Personal information
- Full name: Leung Chi Wing
- Date of birth: 29 April 1978 (age 48)
- Place of birth: Hong Kong
- Height: 1.68 m (5 ft 6 in)
- Position: Left back

Youth career
- 1990–1996: Hong Kong Sports Institute

Senior career*
- Years: Team / Apps / (Gls)
- 1996–1997: Happy Valley
- 1997–1998: Rangers (HKG)
- 1998–2000: South China
- 2000–2001: Yee Hope
- 2001: Mutual
- 2002–2003: Buler Rangers / 9 / (0)
- 2003–2006: Sun Hei / 30 / (1)
- 2006–2009: Kitchee / 39 / (0)
- 2010: North District
- 2011–2012: Tai Chung / 15 / (0)
- 2012–2015: Eastern / 41 / (0)
- 2015–2016: Sun Source / 19 / (4)
- 2016–2017: Metro Gallery / 10 / (0)
- 2017–2021: Wing Yee / 40 / (1)
- 2022–2023: St.
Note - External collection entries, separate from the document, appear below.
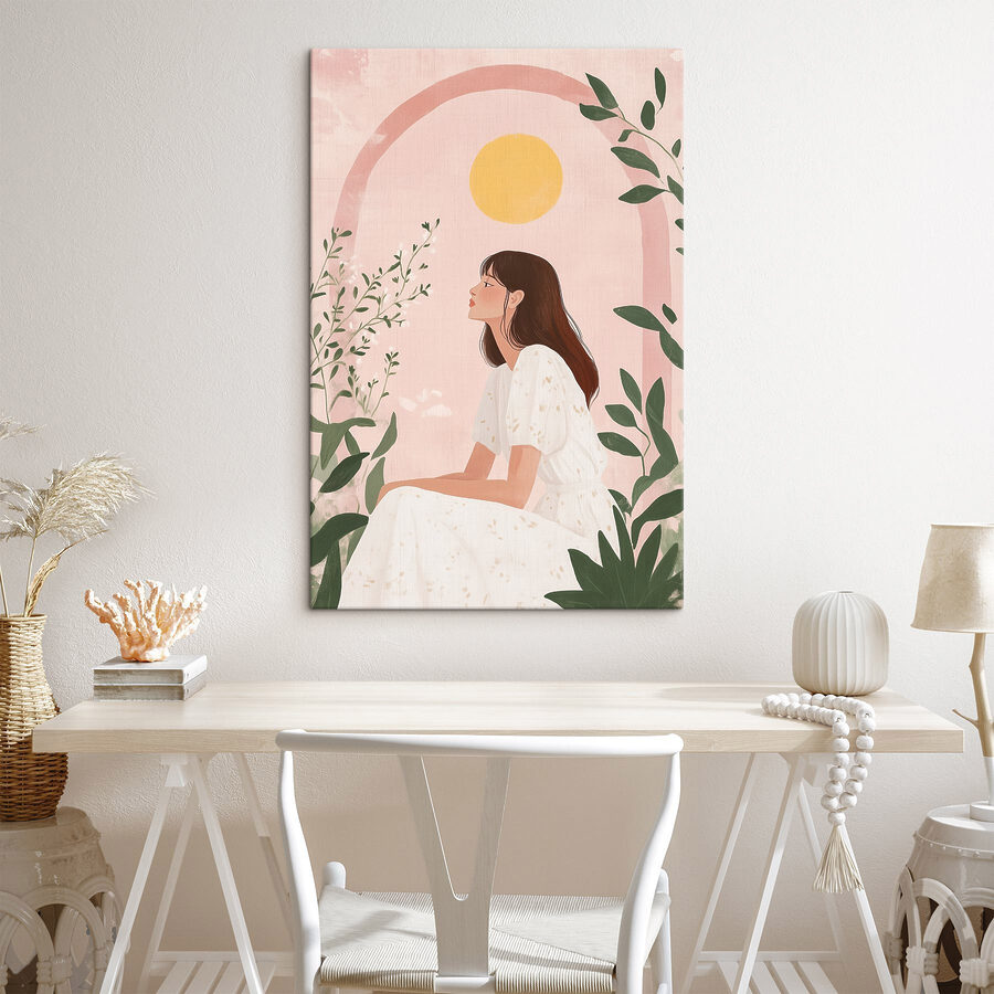 Deze chique canvasprint legt een moment van serene reflectie vast. De vrouw in haar luchtige witte jurk lijkt in gedachten verzonken, omlijst door delicaat groen tegen een dromerige roze achtergrond. Het is alsof je een stukje rust uit de natuur naar je woonkamer brengt. Stel je voor dat het aan de muur hangt – perfect voor gezellige hoekjes of als statement boven je bank. Het voegt een vleugje elegantie toe terwijl het fluistert: “Doe het rustig aan, het leven is geen race!”. Perfect voor wie op zoek is naar een vleugje kunstzinnigheid dat zowel ontspannen als opbeurend aanvoelt. Dit stuk zou wel eens kunnen inspireren tot dagdromen en rustige momenten.
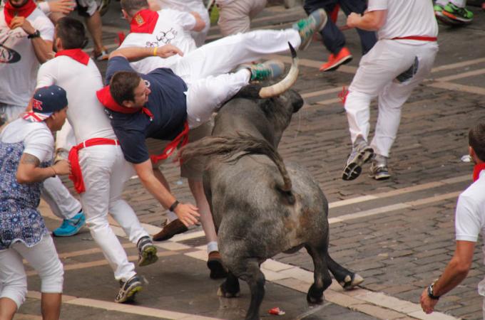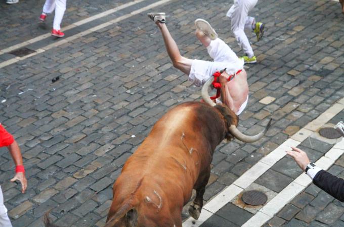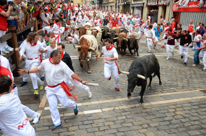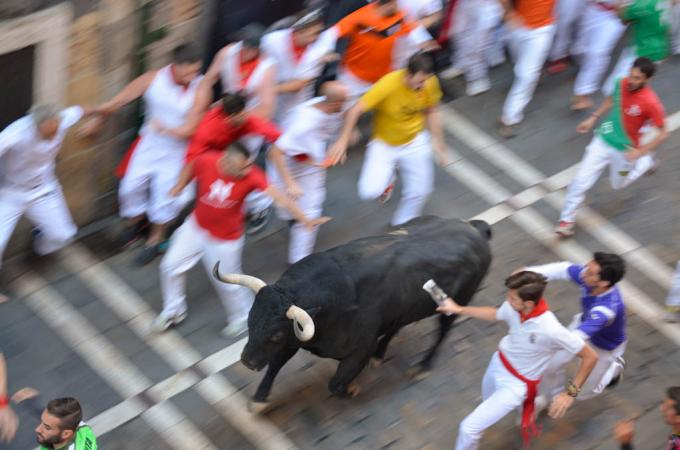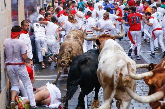 Dusot kopyt a krev na dlažbě: V Pamploně odstartoval běh s býky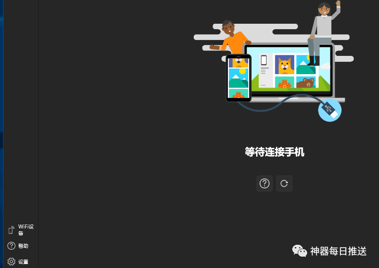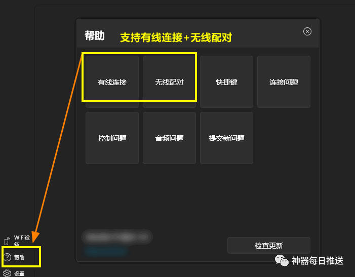 左侧菜单有个“帮助”,打开后有“USB有线连接”和“无线配对”连接入口,USB有线连接方式人人都会,这里不作演示,这里重点介绍“无线配对”连接方式。

Joseph's / 7 / (0)
- 2023–2024: Double Flower / 11 / (2)

International career^{‡}
- 1998–2006: Hong Kong / 19 / (0)

Managerial career
- 2015–2016: Dreams Metro Gallery
- 2016–2017: R&F (assistant coach)
- 2017–2019: Dreams FC
- 2019–2023: Kitchee (assistant director of football)
- 2023–2024: North District

= Leung Chi Wing =

Hong Kong footballer and coach

Leung Chi Wing (梁志榮 (loeng^{4} zi^{3} wing^{4}); born 29 April 1978) is a former Hong Kong professional footballer and a current football coach.

==Coaching career==
On 14 August 2016, Leung was hired as assistant coach by R&F ahead of their inaugural HKPL season.

On 10 June 2017, Leung left R&F to become the head coach of Dreams FC.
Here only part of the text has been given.